Case Name: Porto Rican Leaf Tobacco Co., Appellant, v. Registrar of Caguas, Respondent
Court: Supreme Court of Puerto Rico
Jurisdiction: Puerto Rico
Decision Date: 1916-06-24
Citations: 24 P.R. 245
Docket Number: No. 266
Parties: Porto Rican Leaf Tobacco Co., Appellant, v. Registrar of Caguas, Respondent.
Judges: Chief Justice Hernández and Justices del Toro, Aldrey and Hutchison concurred.
Reporter: Puerto Rico Reports
Volume: 24
Pages: 245–246

Head Matter:
Porto Rican Leaf Tobacco Co., Appellant, v. Registrar of Caguas, Respondent.
Appeal from a Decision of the Registrar of Property Recording a Mortgage with Curable Defect.
No. 266.
Decided June 24, 1916.
Corporation — Purchase of Real Property — Engaging in Business. — The acquisition and ownership of real property by an unregistered foreign corporation is not equivalent to engaging in business within the meaning of the Act of March 9, 1911.

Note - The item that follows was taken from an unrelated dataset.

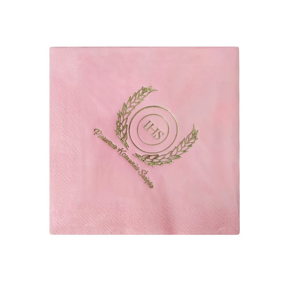 Papierowe serwetki komunijne, różowe ze złotym nadrukiem o wymiarze 33 x 33 cm. W opakowaniu znajduje się 20 szt. serwetek 3-warstwowych.

The facts are stated in the opinion.
Mr. Andrés Mena for.the appellant.
The registrar appeared pro se.

Opinion:
Mr. Justice Wolf
delivered the opinion of the court.
The only difference in the principle involved in this case and that of the Isabella Grove v. Registrar of San Juan, Section 2, ante, p. 240, is that there the registrar much more properly recorded the deed with a curable defect. This action emphasizes the fact that questions of this kind are not submitted to the registry. In this case the registrar was probably satisfied independently of the title presented that the corporation had complied with the law, but in the former case the registrar had no personal knowledge one way or another. The actual information from the record in either case was the same. The note of the registrar in this case says that it does not appear that the company was a domestic corporation or authorized to do business in Porto Rico. As the deed offered was the acquisition of a piece of property, the registrar should have recorded the same without the necessity of an inquiry into whether or not the corporation had complied with the laws regarding foreign corporations, to which class the appellant belonged as shown by the deed. For these reasons and those more extensively set forth in the case of Isabella Grove v. Registrar of San Juan, supra, the note must be
Reversed.
Chief Justice Hernández and Justices del Toro, Aldrey and Hutchison concurred.